Quote from the first line below through the line that contains "Классика Туканы +", both included, and leave the pictures out.

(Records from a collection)
----

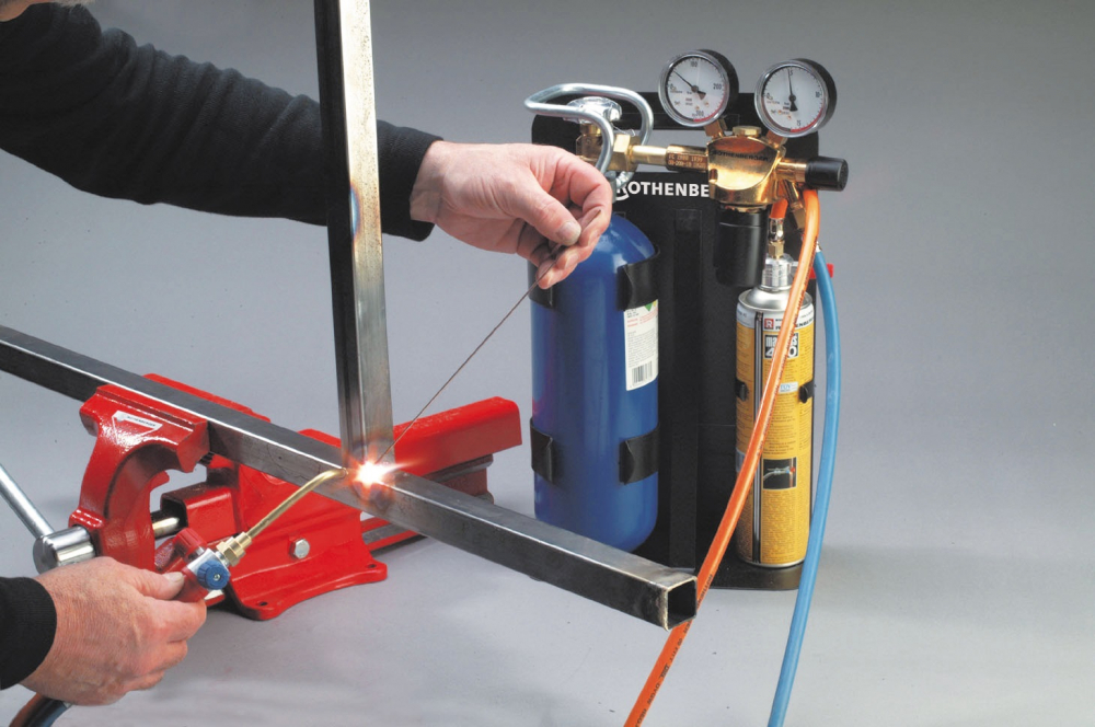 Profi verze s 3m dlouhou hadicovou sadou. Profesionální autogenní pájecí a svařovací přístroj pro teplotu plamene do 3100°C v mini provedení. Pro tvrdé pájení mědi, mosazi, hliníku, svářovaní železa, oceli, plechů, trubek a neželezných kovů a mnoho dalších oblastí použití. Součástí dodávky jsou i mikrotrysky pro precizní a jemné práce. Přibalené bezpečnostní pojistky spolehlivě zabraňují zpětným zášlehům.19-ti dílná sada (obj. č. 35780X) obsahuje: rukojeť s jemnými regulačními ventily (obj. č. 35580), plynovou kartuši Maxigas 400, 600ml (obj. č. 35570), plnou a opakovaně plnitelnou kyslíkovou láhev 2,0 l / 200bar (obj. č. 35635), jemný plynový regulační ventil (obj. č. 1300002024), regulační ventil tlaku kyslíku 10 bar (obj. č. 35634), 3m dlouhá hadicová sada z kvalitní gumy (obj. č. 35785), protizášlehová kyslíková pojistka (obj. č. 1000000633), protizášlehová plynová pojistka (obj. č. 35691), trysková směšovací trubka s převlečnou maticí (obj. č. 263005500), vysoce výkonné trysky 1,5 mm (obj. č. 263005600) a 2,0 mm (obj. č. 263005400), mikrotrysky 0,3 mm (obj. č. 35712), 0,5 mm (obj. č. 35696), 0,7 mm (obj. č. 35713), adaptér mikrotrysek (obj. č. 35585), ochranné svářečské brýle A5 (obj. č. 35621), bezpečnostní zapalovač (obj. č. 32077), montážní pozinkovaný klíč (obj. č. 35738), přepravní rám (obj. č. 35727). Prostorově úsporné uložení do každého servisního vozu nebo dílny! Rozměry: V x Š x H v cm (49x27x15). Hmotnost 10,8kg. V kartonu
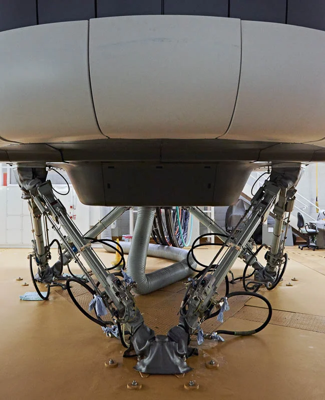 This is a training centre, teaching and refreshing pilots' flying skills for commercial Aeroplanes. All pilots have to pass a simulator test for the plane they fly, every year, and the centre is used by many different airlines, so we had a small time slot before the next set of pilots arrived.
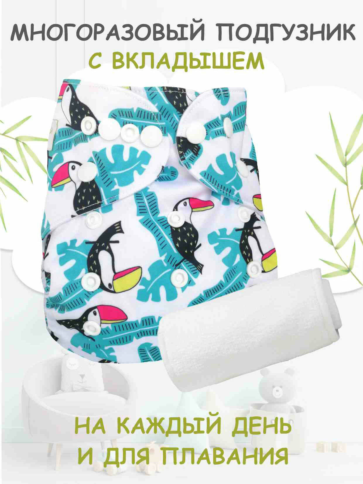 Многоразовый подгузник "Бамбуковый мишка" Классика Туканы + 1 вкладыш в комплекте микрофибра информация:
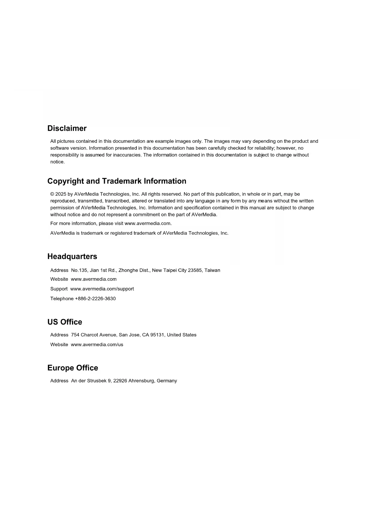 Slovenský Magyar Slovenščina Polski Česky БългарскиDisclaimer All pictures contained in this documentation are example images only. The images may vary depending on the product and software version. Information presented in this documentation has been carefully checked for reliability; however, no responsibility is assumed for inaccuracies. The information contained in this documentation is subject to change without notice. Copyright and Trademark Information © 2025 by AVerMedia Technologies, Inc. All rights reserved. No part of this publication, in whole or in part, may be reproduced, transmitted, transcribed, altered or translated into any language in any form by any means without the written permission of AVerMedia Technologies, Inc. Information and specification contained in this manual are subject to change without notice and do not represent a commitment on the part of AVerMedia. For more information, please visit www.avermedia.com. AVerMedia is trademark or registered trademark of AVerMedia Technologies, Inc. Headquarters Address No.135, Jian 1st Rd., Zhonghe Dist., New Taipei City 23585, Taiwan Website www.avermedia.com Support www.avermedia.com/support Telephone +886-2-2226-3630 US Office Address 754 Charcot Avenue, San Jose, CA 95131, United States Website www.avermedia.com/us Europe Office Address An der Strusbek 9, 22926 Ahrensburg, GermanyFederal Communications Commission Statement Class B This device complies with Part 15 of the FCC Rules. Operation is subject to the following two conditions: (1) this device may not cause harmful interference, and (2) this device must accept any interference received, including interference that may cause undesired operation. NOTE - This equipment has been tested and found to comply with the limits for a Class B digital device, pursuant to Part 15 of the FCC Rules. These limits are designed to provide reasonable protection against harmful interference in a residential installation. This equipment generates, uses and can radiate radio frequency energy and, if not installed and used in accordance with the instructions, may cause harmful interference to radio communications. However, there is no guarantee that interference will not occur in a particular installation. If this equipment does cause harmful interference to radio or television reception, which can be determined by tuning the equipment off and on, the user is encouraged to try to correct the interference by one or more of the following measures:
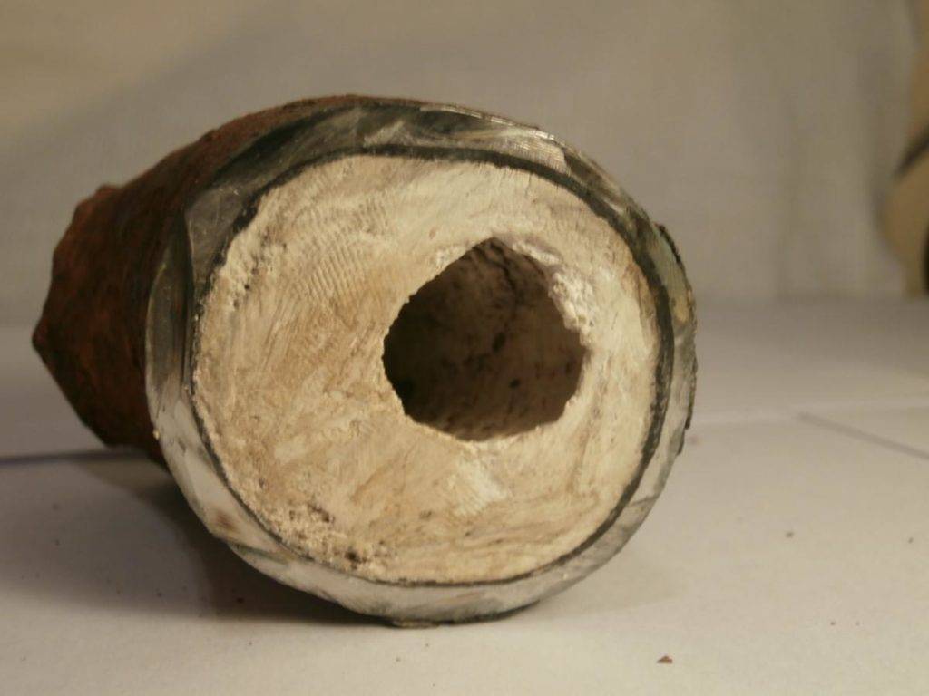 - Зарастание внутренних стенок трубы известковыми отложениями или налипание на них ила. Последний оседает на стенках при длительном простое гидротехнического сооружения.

----

SOLVED EXERCISE:
 Profi verze s 3m dlouhou hadicovou sadou. Profesionální autogenní pájecí a svařovací přístroj pro teplotu plamene do 3100°C v mini provedení. Pro tvrdé pájení mědi, mosazi, hliníku, svářovaní železa, oceli, plechů, trubek a neželezných kovů a mnoho dalších oblastí použití. Součástí dodávky jsou i mikrotrysky pro precizní a jemné práce. Přibalené bezpečnostní pojistky spolehlivě zabraňují zpětným zášlehům.19-ti dílná sada (obj. č. 35780X) obsahuje: rukojeť s jemnými regulačními ventily (obj. č. 35580), plynovou kartuši Maxigas 400, 600ml (obj. č. 35570), plnou a opakovaně plnitelnou kyslíkovou láhev 2,0 l / 200bar (obj. č. 35635), jemný plynový regulační ventil (obj. č. 1300002024), regulační ventil tlaku kyslíku 10 bar (obj. č. 35634), 3m dlouhá hadicová sada z kvalitní gumy (obj. č. 35785), protizášlehová kyslíková pojistka (obj. č. 1000000633), protizášlehová plynová pojistka (obj. č. 35691), trysková směšovací trubka s převlečnou maticí (obj. č. 263005500), vysoce výkonné trysky 1,5 mm (obj. č. 263005600) a 2,0 mm (obj. č. 263005400), mikrotrysky 0,3 mm (obj. č. 35712), 0,5 mm (obj. č. 35696), 0,7 mm (obj. č. 35713), adaptér mikrotrysek (obj. č. 35585), ochranné svářečské brýle A5 (obj. č. 35621), bezpečnostní zapalovač (obj. č. 32077), montážní pozinkovaný klíč (obj. č. 35738), přepravní rám (obj. č. 35727). Prostorově úsporné uložení do každého servisního vozu nebo dílny! Rozměry: V x Š x H v cm (49x27x15). Hmotnost 10,8kg. V kartonu
 This is a training centre, teaching and refreshing pilots' flying skills for commercial Aeroplanes. All pilots have to pass a simulator test for the plane they fly, every year, and the centre is used by many different airlines, so we had a small time slot before the next set of pilots arrived.
 Многоразовый подгузник "Бамбуковый мишка" Классика Туканы + 1 вкладыш в комплекте микрофибра информация:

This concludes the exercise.